Work item:
Copy the listing exactly, images excluded.

Dataset content:
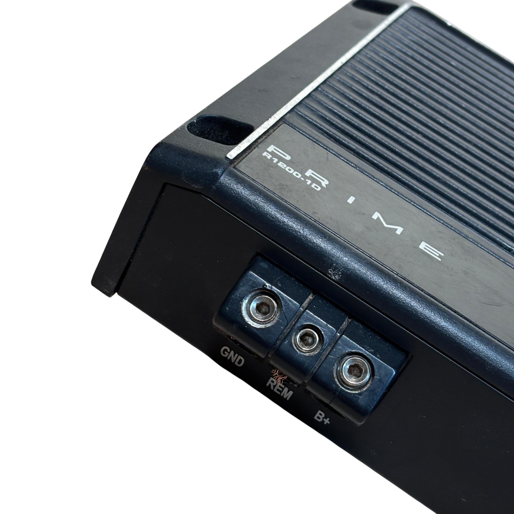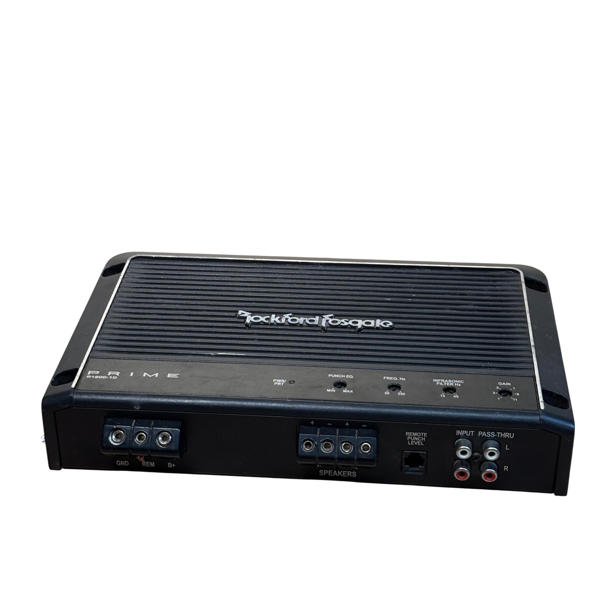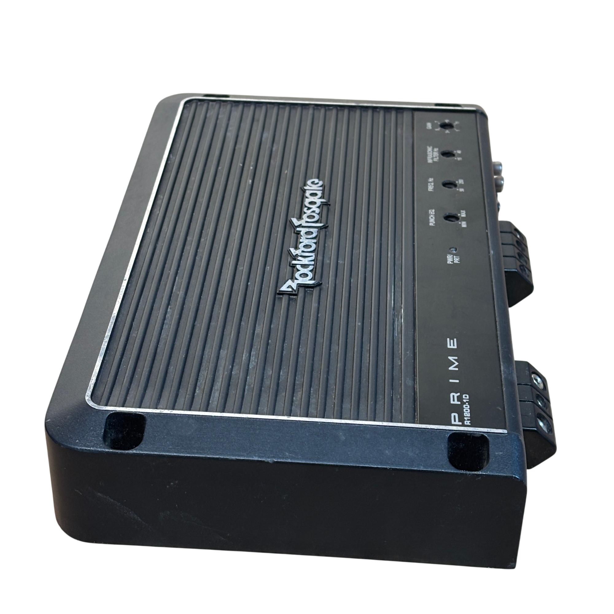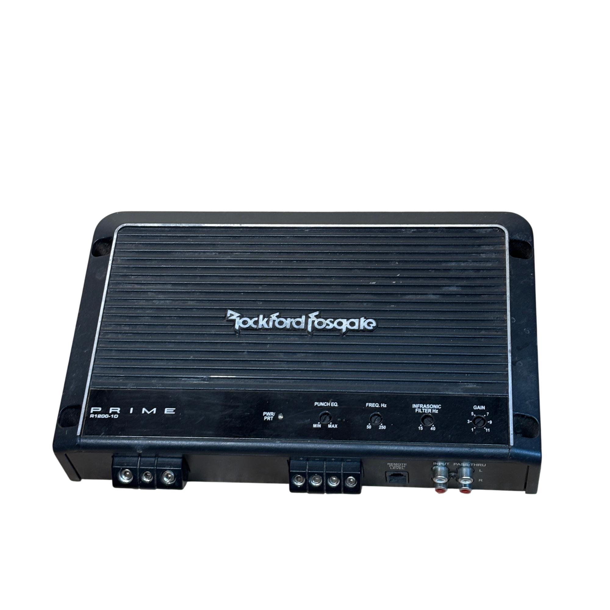 Rockford Fosgate Prime R1200-1D 1,200 Watt Class-D Mono Car Amplifier delivers powerful and efficient performance with a sleek black design. This amplifier features precise control options including punch EQ, frequency adjustments, and gain for tailored sound quality. Engineered for high output and durability, it is ideal for enhancing car audio systems with deep, robust bass.
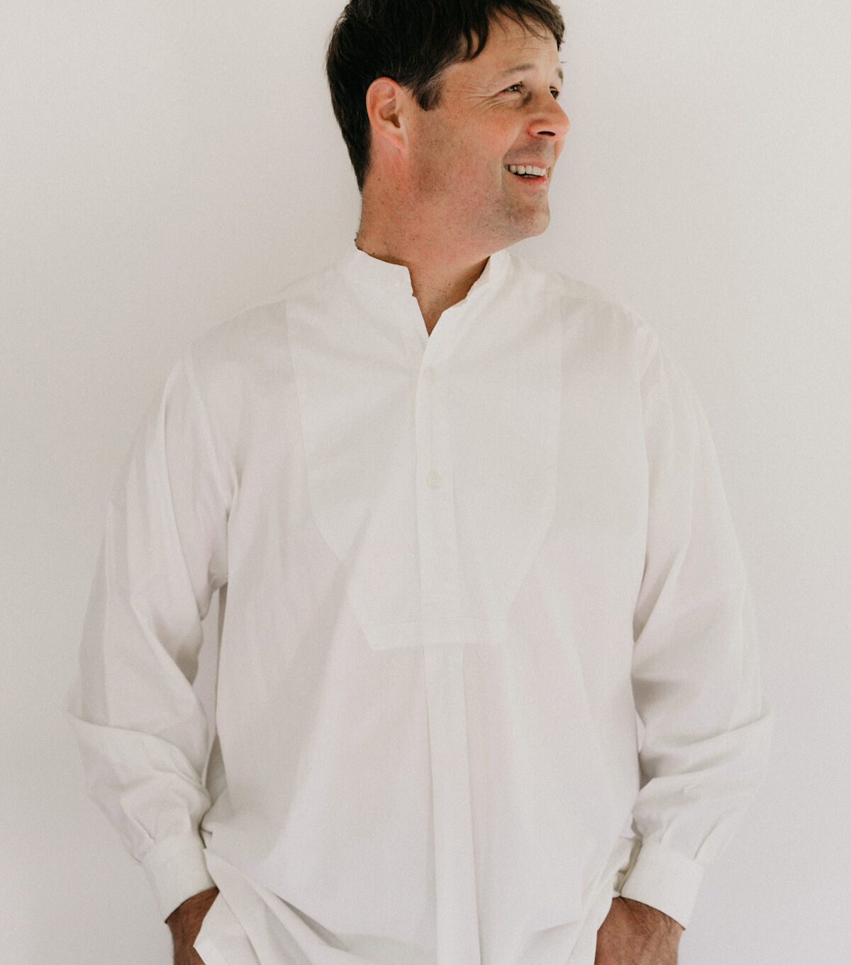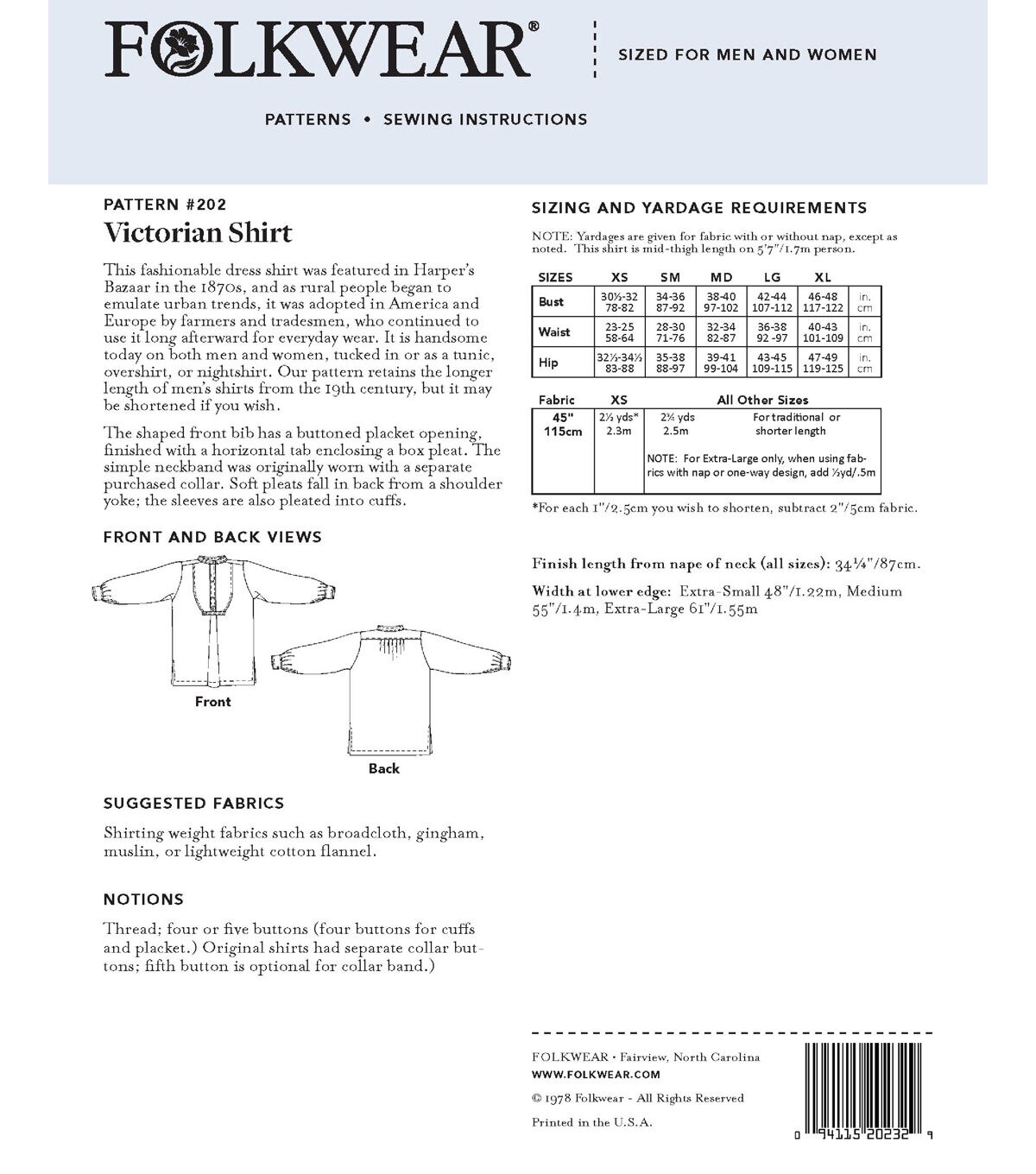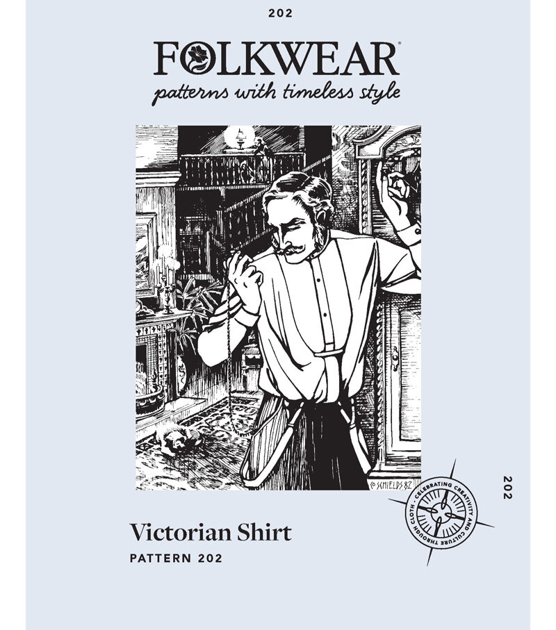 This fashionable dress shirt was featured in Harper’s Bazaar in the 1870s, and as rural people began to emulate urban trends, it was adopted in America and Europe by farmers and tradesmen, who continued to use it long afterward for everyday wear. It is handsome today on both men and women, tucked in or as a tunic, overshirt, or nightshirt. Our pattern retains the longer length of men’s shirts from the 19th century, but it may be shortened if you wish. The shaped front bib has a buttoned placket opening, finished with a horizontal tab enclosing a box pleat. The simple neckband was originally worn with a separate purchased collar. Soft pleats fall in back from a shoulder yoke; the sleeves are also pleated into cuffs.
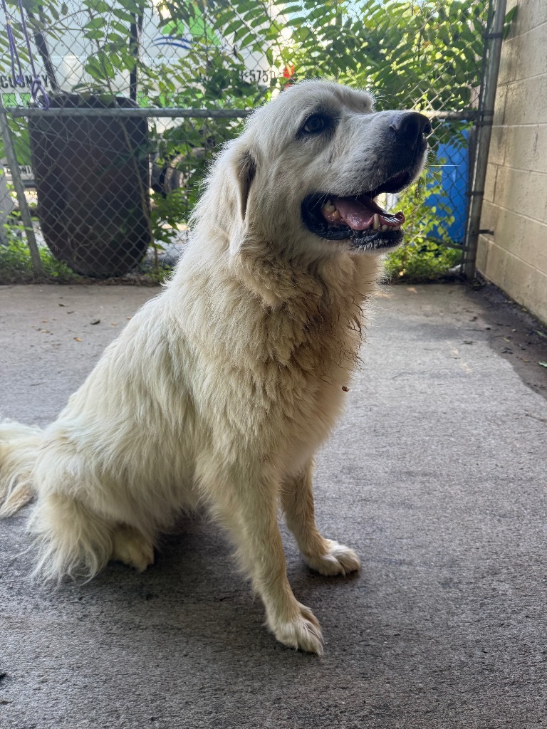 Becka is an adult female Great Pyrenees. She is fully vetted and will be spayed upon her adoption. PLEASE do your research on this breed before adoption as they have certain requirements and needs to be successful, happy members of your family.

Final answer:
 Rockford Fosgate Prime R1200-1D 1,200 Watt Class-D Mono Car Amplifier delivers powerful and efficient performance with a sleek black design. This amplifier features precise control options including punch EQ, frequency adjustments, and gain for tailored sound quality. Engineered for high output and durability, it is ideal for enhancing car audio systems with deep, robust bass.
 This fashionable dress shirt was featured in Harper’s Bazaar in the 1870s, and as rural people began to emulate urban trends, it was adopted in America and Europe by farmers and tradesmen, who continued to use it long afterward for everyday wear. It is handsome today on both men and women, tucked in or as a tunic, overshirt, or nightshirt. Our pattern retains the longer length of men’s shirts from the 19th century, but it may be shortened if you wish. The shaped front bib has a buttoned placket opening, finished with a horizontal tab enclosing a box pleat. The simple neckband was originally worn with a separate purchased collar. Soft pleats fall in back from a shoulder yoke; the sleeves are also pleated into cuffs.
 Becka is an adult female Great Pyrenees. She is fully vetted and will be spayed upon her adoption. PLEASE do your research on this breed before adoption as they have certain requirements and needs to be successful, happy members of your family.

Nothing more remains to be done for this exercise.